MARKUP: Boosting market access for small businesses in East Africa
How is the International Trade Centre (ITC) promising greater business opportunities to micro and small businesses in East Africa through its second phase of the EU-EAC Market Access Upgrade Programme? Here is how.
In just a little over six months of its unveiling in Arusha, Tanzania, the second phase of the European Union East African Community Market Access Upgrade Programme (EU-EAC MARKUP II) is now in full swing, with ITC as the implementing partner.
For small businesses in the region, this €40 million regional initiative, currently ITC’s second largest programme, comes with the promise of greater business opportunities in both East African and European markets thanks to increased and improved interregional trade and market access.
Home to over 283 million people, the EAC partner states’ agricultural sector is critical for sustainable development.

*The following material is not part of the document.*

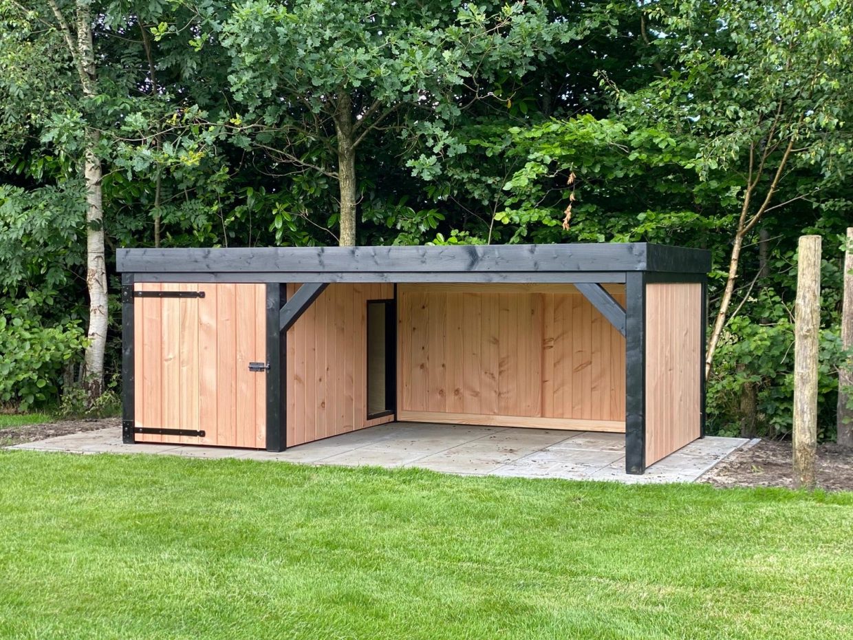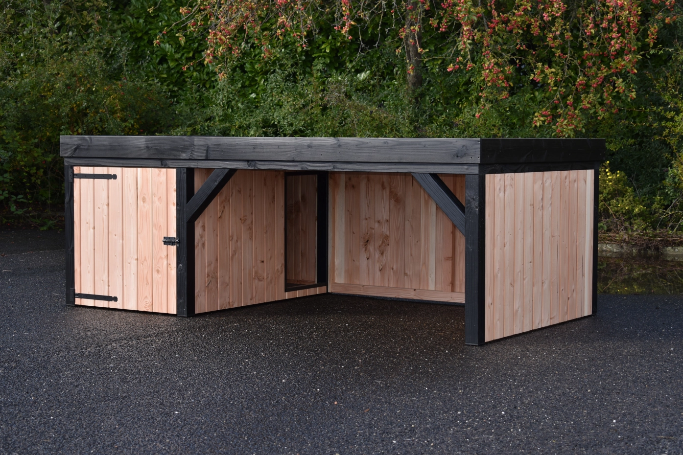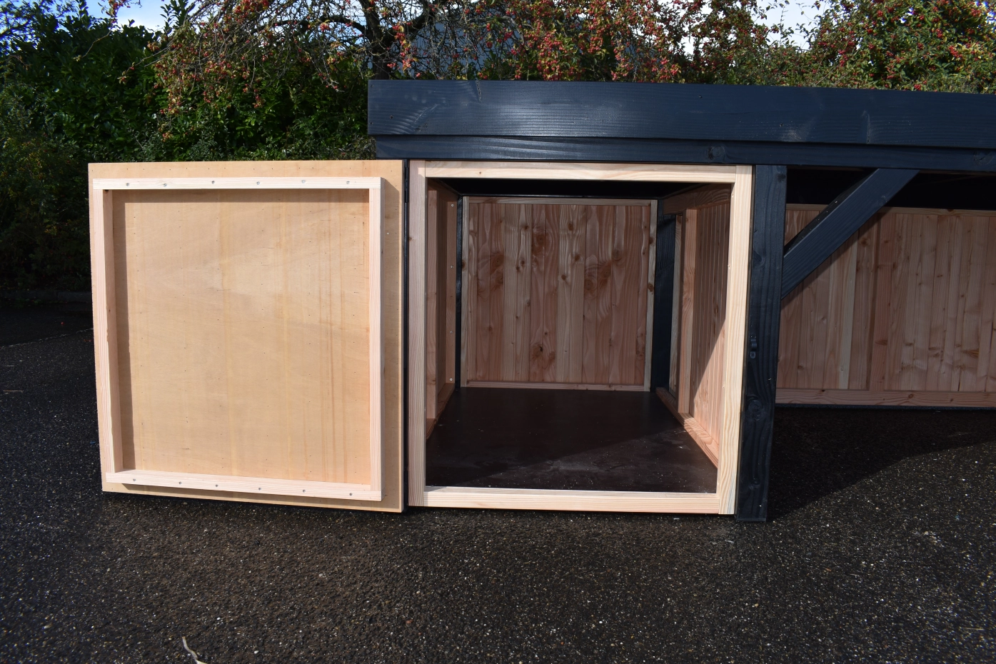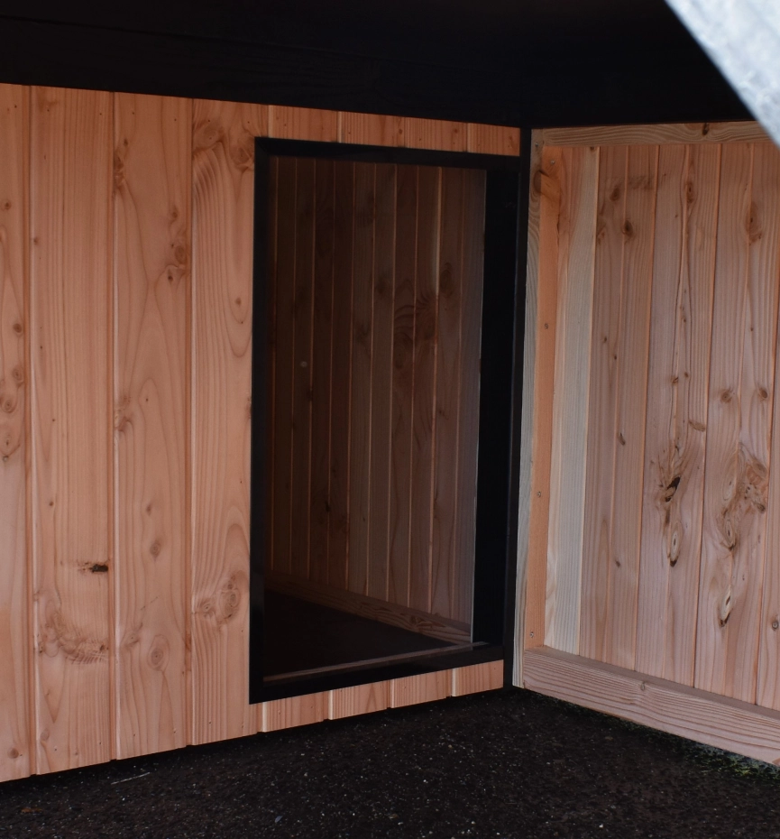 Schutzhütte Frenkie mit Überdachung ist mit stehenden Profilbrettern und schwarz lackierten Pfosten ausgestattet. Ein wunderschönes Design-Hundehütte mit Veranda. Die Hütte verfügt über eine geräumige Schlafkabine (90x150cm) mit einem herausnehmbaren Boden. Dank des Betonplex-Dachs haben Sie ein flaches, glatt verarbeitetes Dach.

It drives their economies, providing up to a quarter of their GDP and responsible for roughly two-thirds of intraregional trade.

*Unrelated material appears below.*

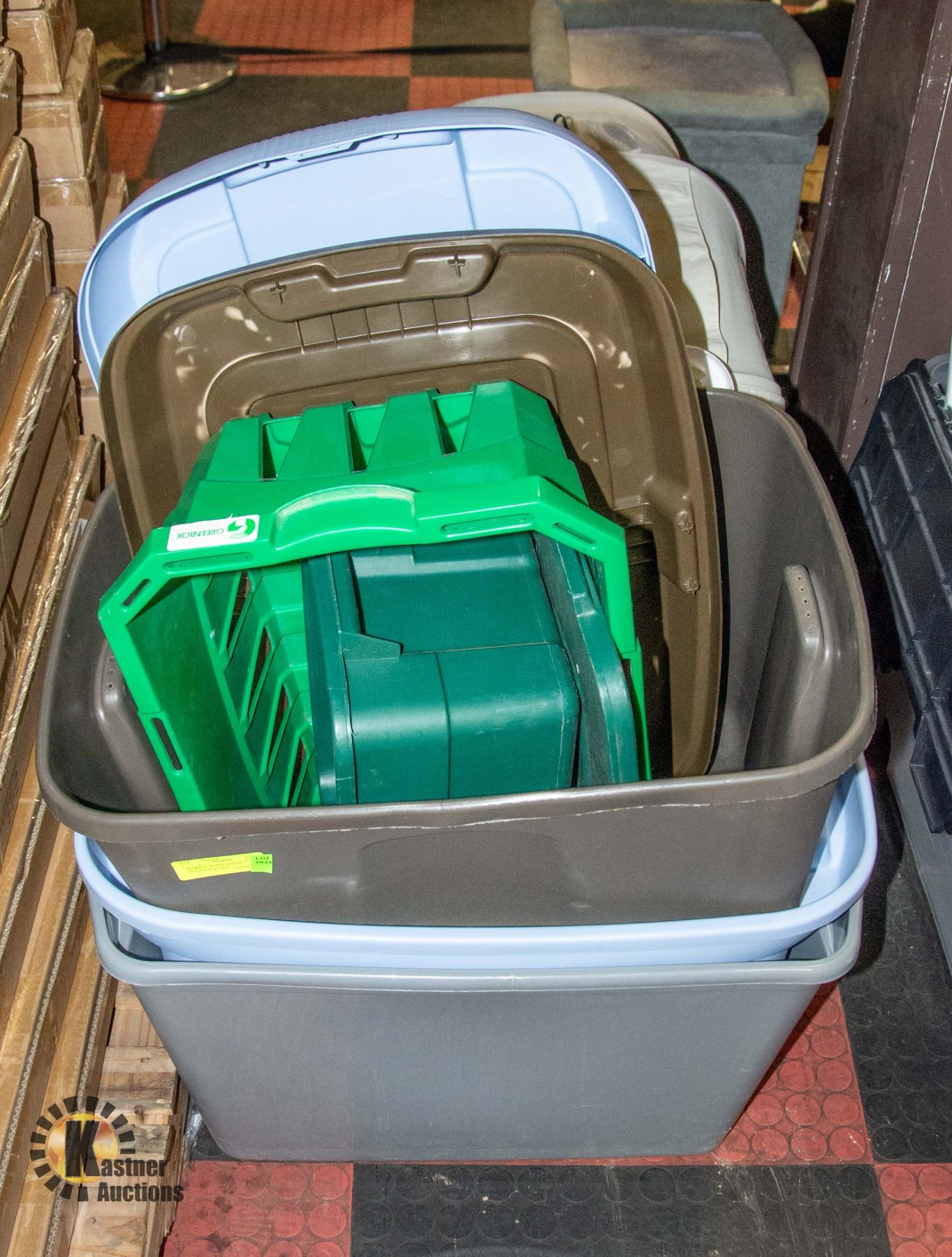 STORAGE TOTES- LOT OF 5 ASSORTED W/LIDS

The wins of the EU-funded first phase of the project (2018-2022) gave us at the International Trade Centre and our partners, a taste of the potential in the East African Community.
At least 115 participating companies achieved a collective $16 million in sales and exports. MARKUP I also helped draw in $1 million in investment for over 70 micro, small, and medium-sized enterprises. And over 40 business support organizations shared that their work had become more effective with the project’s support.
But there is more work to do, especially when it comes to preparing small businesses in finding their well-deserved place in an evolving global marketplace, particularly when navigating the shift to digital technologies.
This is where MARKUP II will help leverage the immense potential of agribusiness in EAC partner states, focusing on sectors and value chains in which women, youth, and people in vulnerable situations can and should actively participate.
As was the case with MARKUP I, the project’s focus remains on value-addition, processing, diversification, and investment promotion.
However, the project needed to expand geographically, counting now six offices in Burundi, Kenya, Rwanda, South Sudan, Tanzania, and Uganda, in addition to an office in Arusha at the EAC Secretariat, which the EAC chairs with the East African Business Council as deputy chair.
New sectors include leather, packaging, gum Arabic and essential oils as they directly contribute to the prioritized value chains identified for the African Continental Free Trade Area, which are automotive (leather), pharmaceuticals (gum Arabic and essential oils), and infant food (avocado, cocoa, spices).
To support these value chains, we are deeply focusing on identifying and reducing market access barriers, building capacity for quality and standards compliance, while establishing and operationalizing the networks of trade promotion organizations and investment promotion agencies in the EAC. Promoting technology transfer is also a priority for us.
We are confident that the efforts of our dedicated team will help boost trade holistically, both between EAC partner states and its continental trading partners, as well as with the EU and the rest of the world.
We are sincerely grateful to the EU, the EAC, our collaborators at the EAC Secretariat and national partners in the recipient countries. Without this cooperation and these valuable partnerships, ITC would not be able to play its role efficiently in driving economic development in the EAC.